Nepean Township Councillor
- In office January 1, 1948 – December 31, 1949

Ottawa Alderman
- In office January 1, 1950 – December 31, 1952
- Preceded by: Ward annexed by Ottawa
- Succeeded by: Lon Campbell
- Constituency: Westboro Ward

Ottawa Controller
- In office January 1, 1955 – December 31, 1960
- Preceded by: John Powers
- Succeeded by: Lloyd Francis, Don Reid
- In office January 1, 1963 – December 31, 1974
- Preceded by: Paul Tardif, Wilbert Hamilton
- Succeeded by: Marion Dewar, Don Reid, Bill Law

Deputy Mayor of Ottawa
- In office September 5, 1972 – December 31, 1972
- Preceded by: Claude Bennett
- Succeeded by: Lorry Greenberg

Personal details
- Born: October 6, 1910 Westboro, Ontario
- Died: May 15, 2005 (aged 94) Arnprior, Ontario
- Spouse: Ruth Irene Munro (m. 1934; died 1991)
- Children: 1

= Ernie Jones (politician) =

Canadian politician (1910–2005)

Ernest William Jones (October 6, 1910 – May 15, 2005) was a Canadian politician. He was an alderman on Ottawa City Council from 1950 to 1952, and was a member of the Ottawa Board of Control from 1955 to 1960 and from 1963 to 1974. He unsuccessfully ran for mayor of Ottawa in 1960, and was Deputy Mayor of the city in 1972.

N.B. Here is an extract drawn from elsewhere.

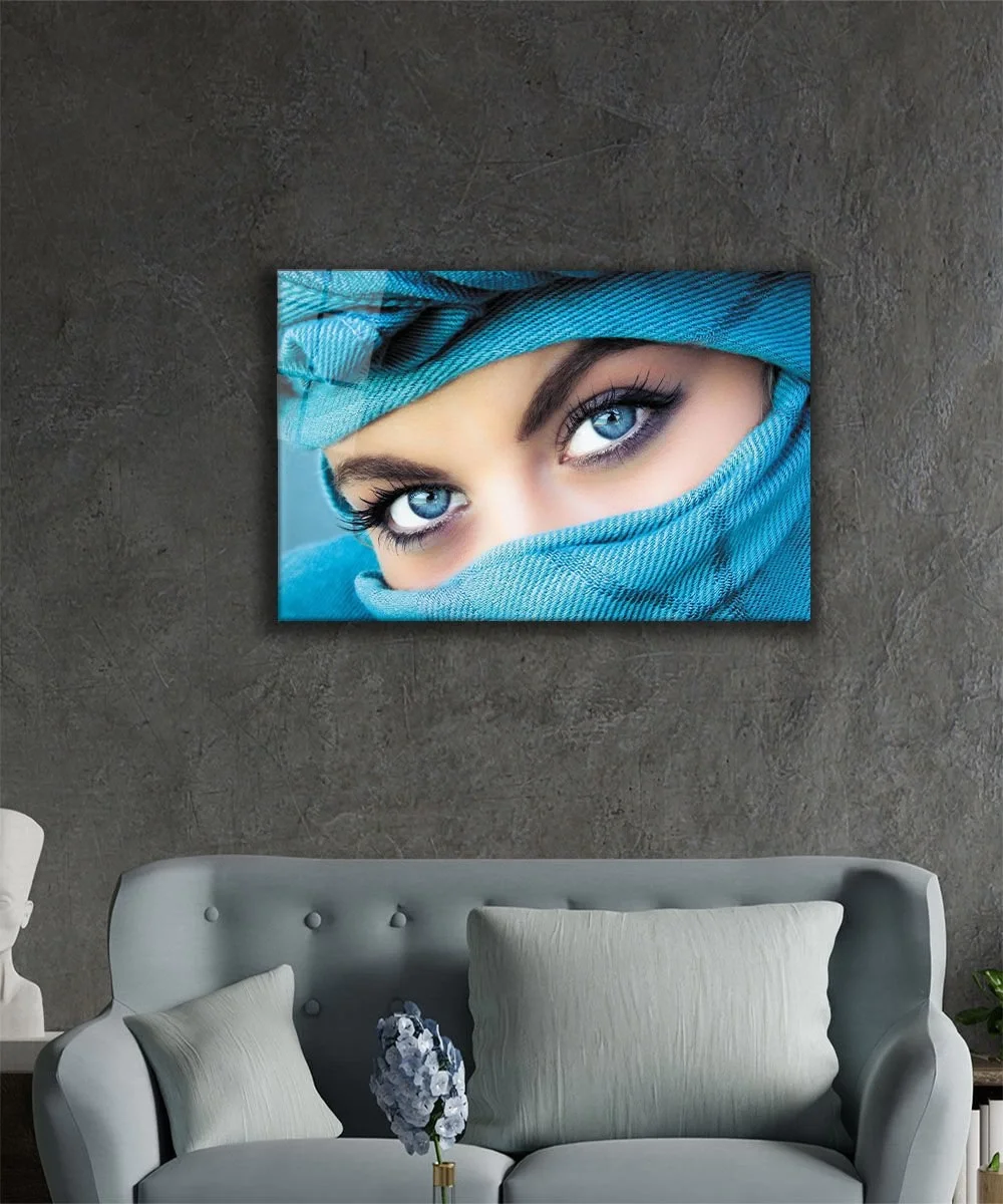 TEKNOO- Woman with Blue Eyes and Blue Veil Glass Painting

Known for living his life "fast and aggressive", he was a believer in "grass-roots contact with the electorate", his electoral base was the small businessman and the suburban homeowner, whose main concern he stated was "careful spending of their tax buck ... When taxes go up, they want to know exactly why". He presided over the city's recreation and parks department during its infancy, and helped obtain an agreement with the Ottawa Board of Education for sharing playgrounds and other recreational facilities.

==Early life==
Jones was born on October 6, 1910, at his family home on Churchill Avenue to William Donald Jones, a Canadian bicycle rider champion and son of a Welsh immigrant, and Elizabeth Harriet Sullivan, a descendant of a pioneering family who operated a farm in the City View area. He attended Westboro and Broadview Avenue public schools, Nepean High School, the High School of Commerce, Willis Business College and Carleton College. In his youth he worked as a cake baker at Standard Bread, as an office boy and a clerk in the Department of Veterans Affairs. He then went to work in the Finance and Treasury Department, later becoming an administration officer.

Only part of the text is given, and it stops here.